This invention relates to a method for operating a sensor array, particularly for improving efficiency in sampling and data processing. The problem addressed is the high power consumption and processing overhead in traditional sensor arrays, where all sensor outputs are continuously sampled and processed, even when only a subset of the data is needed. The method involves selectively sampling only a first set of outputs from the sensor array while triggering only a second set of outputs for further processing. The sampling and triggering are performed within a single refresh cycle of the sensor, ensuring real-time operation without delays. The first set of outputs may be sampled at a lower resolution or rate compared to the second set, reducing power consumption. The second set is triggered based on predefined criteria, such as threshold values or external conditions, to ensure only relevant data is processed. The sensor array may include multiple types of sensors, such as image sensors, temperature sensors, or pressure sensors, and the method can be applied to any array where selective sampling improves efficiency. The invention optimizes power usage and processing resources by avoiding unnecessary sampling and processing of irrelevant data, making it suitable for battery-powered or low-power applications.

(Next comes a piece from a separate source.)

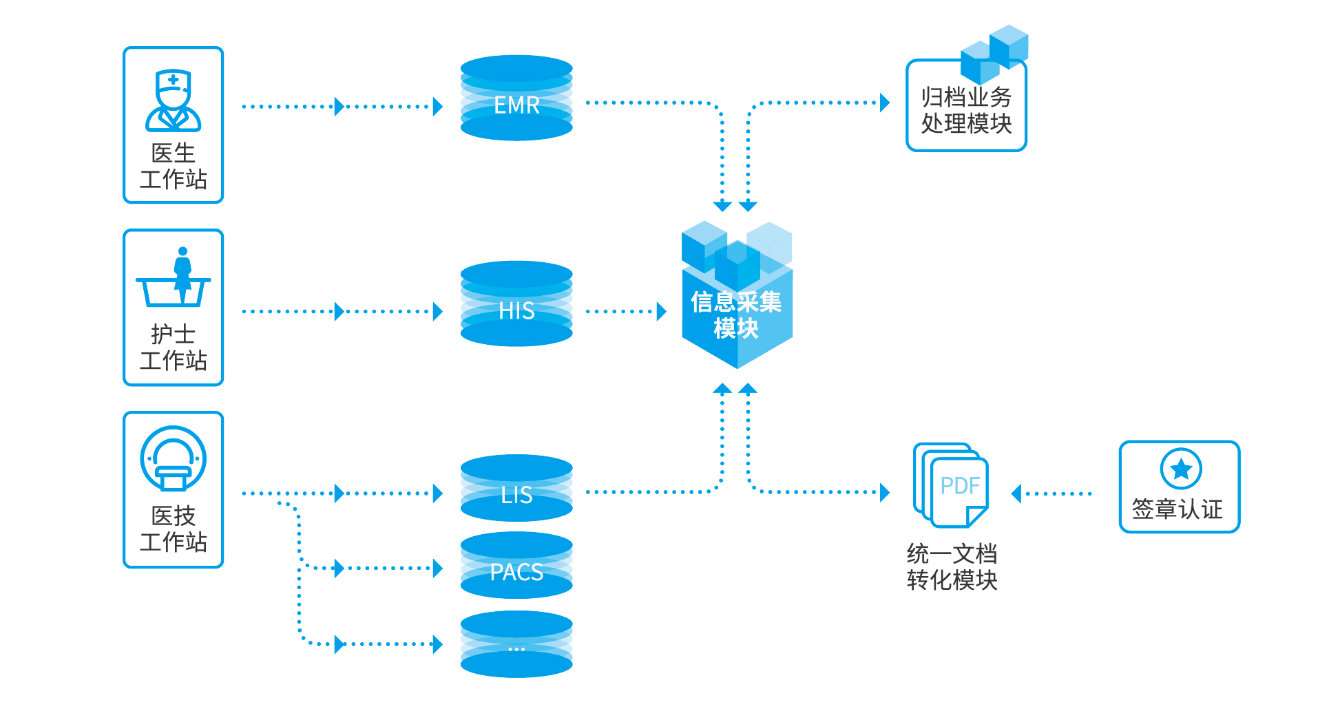 众阳云无纸化归档系统结合CA认证的电子签名,通过采集病历数据,包含病历文书、护理文书、医技产生的检查检验报告等,对已归档病历进行数字化、无纸化管理,提高病历存档管理工作效率,彻底解决传统纸质病历易丢失、易损坏、难储存的问题。

4. The method according to claim 1, wherein the sampling of the first outputs takes less time than the triggering only the second set.

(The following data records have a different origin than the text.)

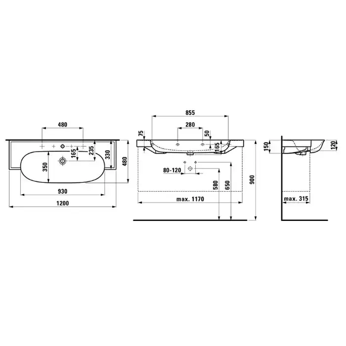 Laufen New Classic Раковина 120х48х16.5 см, 2 отв., цвет: белый матовый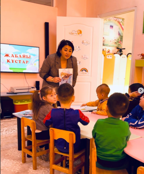 М.Жұмабаев атындағы ЖББМГ жанындағы «Балдырған» шағын орталығының «Балдырған» тобы тәрбиеленушілеріне «Тілге бойлау» жобасы аясында «Құстар – біздің д…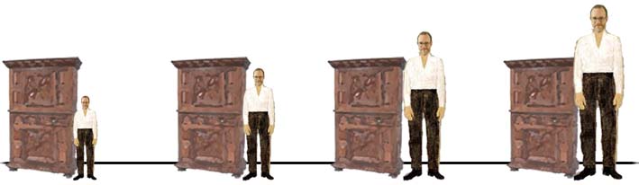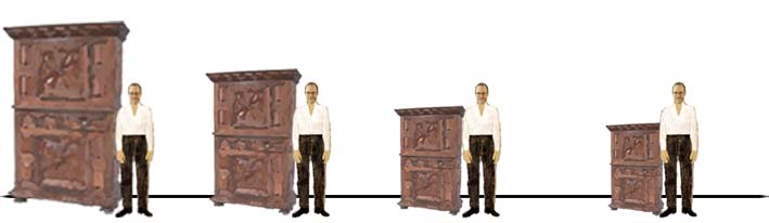 If you think of photography, things become clear in a flash. When isolating an object into a picture, it is difficult to tell afterwards how large the original object was.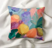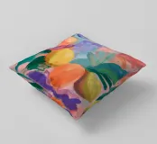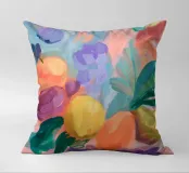 Un'opera d'arte colorata e astratta che cattura la vivacità della natura con pennellate dinamiche. Le vibranti tonalità di rosa, arancione e verde si fondono in un gioco estivo di frutta, foglie e forme floreali. Il motivo irradia gioia di vivere e ricorda le calde giornate estive e la libertà creativa.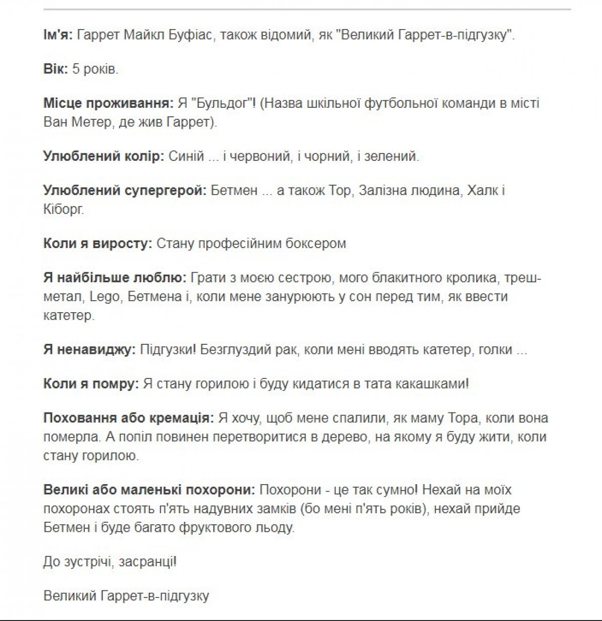 У Сполучених Штатах Америки 5-річний Гаррет Матіас надиктував батькам власний некролог – напередодні смерті. Хлопчик страждав від рідкісної форми раку. Про таке повідомляє "Укрінформ", посилаючись на видання Des Moines Register.

This invention relates to a method for optimizing the sampling of outputs in a system where multiple sets of outputs are generated, such as in sensor networks, data acquisition systems, or signal processing applications. The problem addressed is the inefficiency in sampling processes where triggering multiple sets of outputs consumes significant time and resources, particularly when only a subset of outputs is needed for immediate analysis. The method involves selectively sampling a first set of outputs while avoiding the triggering of a second set of outputs, thereby reducing the time required for sampling. The first set of outputs may be sampled at a higher frequency or with lower latency compared to the second set, which is only triggered when necessary. This selective sampling approach improves efficiency by minimizing unnecessary processing and data acquisition steps, particularly in systems where the second set of outputs is computationally or resource-intensive to generate. The method may be applied in scenarios where real-time or near-real-time data processing is required, such as in industrial monitoring, environmental sensing, or medical diagnostics. By prioritizing the sampling of the first set of outputs, the system can maintain responsiveness while conserving resources. The invention ensures that critical data is captured promptly, while non-critical or secondary data is only processed when explicitly triggered, optimizing overall system performance.
5. The method according to claim 1, wherein the second set is only along the first axis, and the second set is triggered based on the first axis being selected as a triggering axis, and only sensor lines on the triggering axis are scanned.
This invention relates to a method for optimizing sensor scanning in a touch-sensitive device, particularly for reducing power consumption and improving responsiveness. The method addresses the inefficiency of scanning all sensor lines in a touch-sensitive surface, which consumes unnecessary power and processing resources when only a single axis (e.g., X or Y) is being interacted with. The method involves detecting a triggering axis (e.g., the X-axis) when a touch input is received. Once the triggering axis is identified, only the sensor lines along that axis are scanned, while sensor lines along the non-triggering axis (e.g., the Y-axis) are not scanned. This selective scanning reduces the number of sensor lines activated, conserving power and computational resources. The method ensures that touch detection remains accurate while minimizing unnecessary operations, making it suitable for battery-powered devices like smartphones, tablets, and touchscreens. The invention improves upon existing touch-sensitive systems by dynamically adjusting the scanning process based on the detected axis of interaction, rather than scanning all sensor lines indiscriminately. This selective approach enhances efficiency without compromising touch sensitivity or responsiveness. The method is particularly useful in applications where power efficiency is critical, such as mobile and wearable devices.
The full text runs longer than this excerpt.